I will now repeat the verification I did above, but with **Convolutional** Neural Networks.
This specific part of the exercise focuses on revealing that **deeper** CNNs *without* residual connections do not always work better, and **even deeper** ones *with* residual connections.

**Note**: MNIST is *very* easy to work on (at least up to about 99% accuracy), so I will work on **CIFAR10** from now on.

Launching the `model_pipeline` function with its proper configuration allows me to observe the performance of multiple kinds of Convolutional architectures.

The focus, here, is on playing with the total **depth** (i.e. the number of layers) of the network, while maintaining the general architecture untouched, in order to show that a **deeper** ConvNet provides better performances, **up to a certain depth (!)**.

All logs and trackings of my runs are available on Weights & Biases, at [this link](https://wandb.ai/giovancombo/DLA_Lab1_CNN?workspace=user-giovancombo).

...Well, as previously said, reaching a very high Validation Accuracy on **MNIST** is *very* easy.
Let's try then to train some ConvNets on the **CIFAR10** dataset.

-----
## Exercise 2: Choose at Least One

Let's now deepen our understanding of Deep Networks for visual recognition.

+ Firstly, I will find a quantitative answer about *how* and *why* Redidual Networks learn more efficiently than their Convolutional counterparts.
+ Secondly, I will become a *network surgeon*, trying to fully-convolutionalize a network by acting on its final layers.
+ Thirdly, I will try to implement *Class Activation Maps*, in order to see which parts of an image were the most decisive for its classification.

### Exercise 2.1: Explain why Residual Connections are so effective

The question *"Why Residual Networks learn more efficiently than Convolutional Networks?"* can find an answer by looking at the gradient magnitudes passing through the networks, during backpropagation.

`wandb.watch(log = "all")` tells *Weights & Biases* to log *gradients* and *parameters*' evolution in all the layers of the network.

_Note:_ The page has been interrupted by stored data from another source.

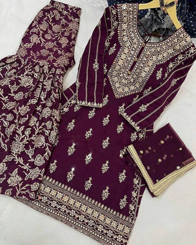 Hermoso Conjunto Kurta Sharara de Diseño Étnico Moderno Multicolor con Bordado en Georgette Sintético Hecho a Mano para Bodas y Eventos
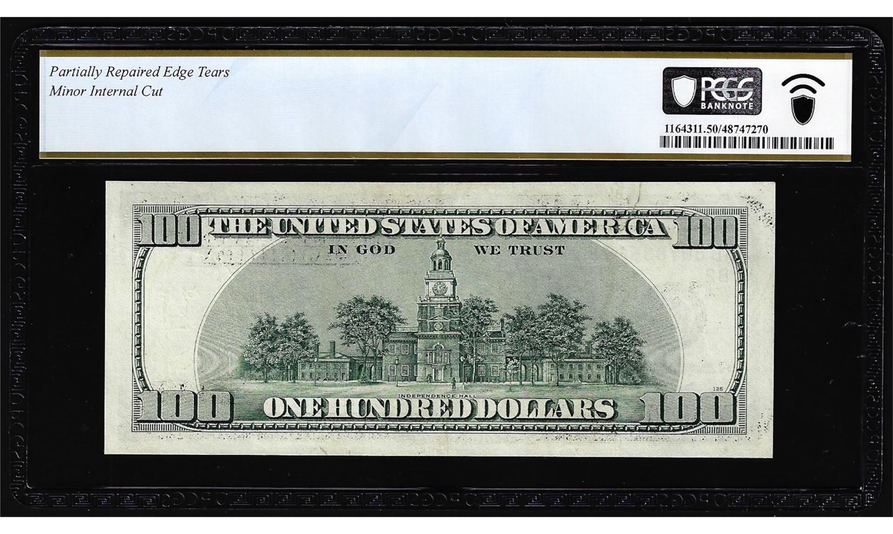 1996 $100 Federal Reserve Note Minor Ink Smear Error PCGS About Unc 50 Details
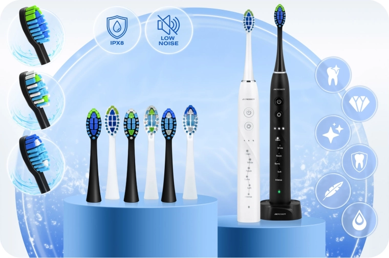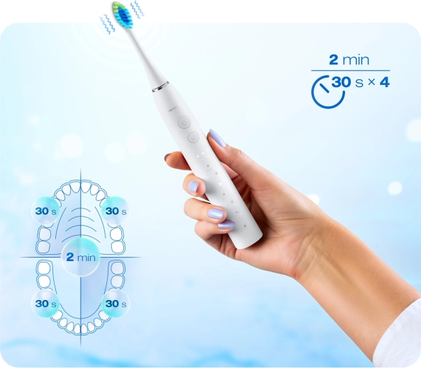 Krijg tot 18 poetscombinaties dankzij 6 modi (CLEAN, WHITE, POLISH, GUMS, SOFT, INTENSE) en 3 intensiteitsniveaus. De krachtige motor levert 40.000 trillingen/min en de batterij met een capaciteit van 800 mAh zorgt voor tot 50 dagen gebruik op één lading. Inclusief een 2‑minuten timer met 30‑seconden interval voor kwadrantwissel en IPX8-waterdichtheid voor veilig gebruik in de badkamer.

This functionality is useful to graphically visualize the concept of **Vanishing Gradients**.

For this exercise, I firstly tried to run a basic *MLP*, and then an *MLP with Residual Connections*. Honestly, at the time, I didn't think that this could be a very clever idea, since I've always seen Residuals been added only on Convolutional Networks, but... I decided to give it a try anyway.

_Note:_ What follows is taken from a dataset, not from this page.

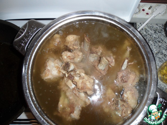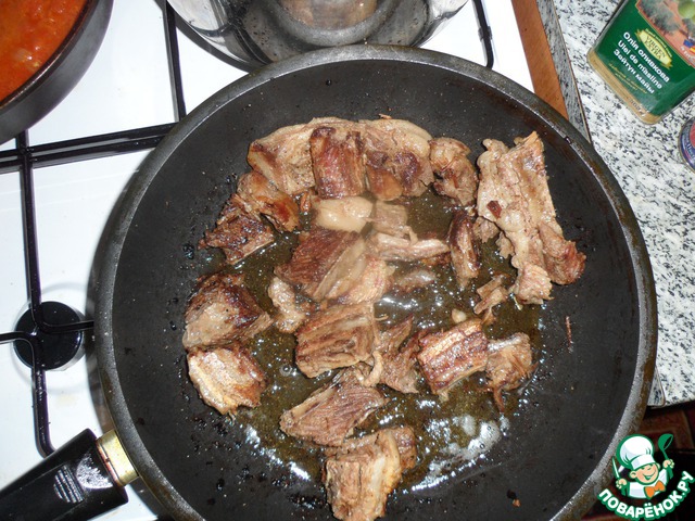 - Баранина (или жирная говядина на ребрышках и грудинка говяжья) — 2 кг
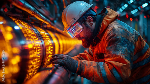 A worker inspects industrial machinery with bright orange lights in a dark environment, showcasing safety gear and attention to detail.

As mentioned before, I compared these two architectures by challenging them on their performance over their **depth** (i.t. their number of layers).

A basic **10-layer MLP** is seen suffering from Vanishing Gradients, with its accuracy dropping all the way down to 10%, that means picking a class **by chance**.

As mentioned in the original [ResNet paper](https://arxiv.org/abs/1512.03385), a higher number of layers leads to not only higher validation loss, but also a *higher training loss*: this means that we are not facing overfitting, but in the "weird" behavior that a deeper model shows itself.

On the contrary, the **10-layer Residual MLP** performed well, confirming the explanation of ResNet authors: Residual Connections allow a network to go **a lot** deeper (with the only limitation of reaching overfitting).

The results can be quantitatively checked by observing the *W&B* logs about gradient magnitudes. The basic **MLP** shows gradients that are very close to zero, meaning that the model is not making any real progress.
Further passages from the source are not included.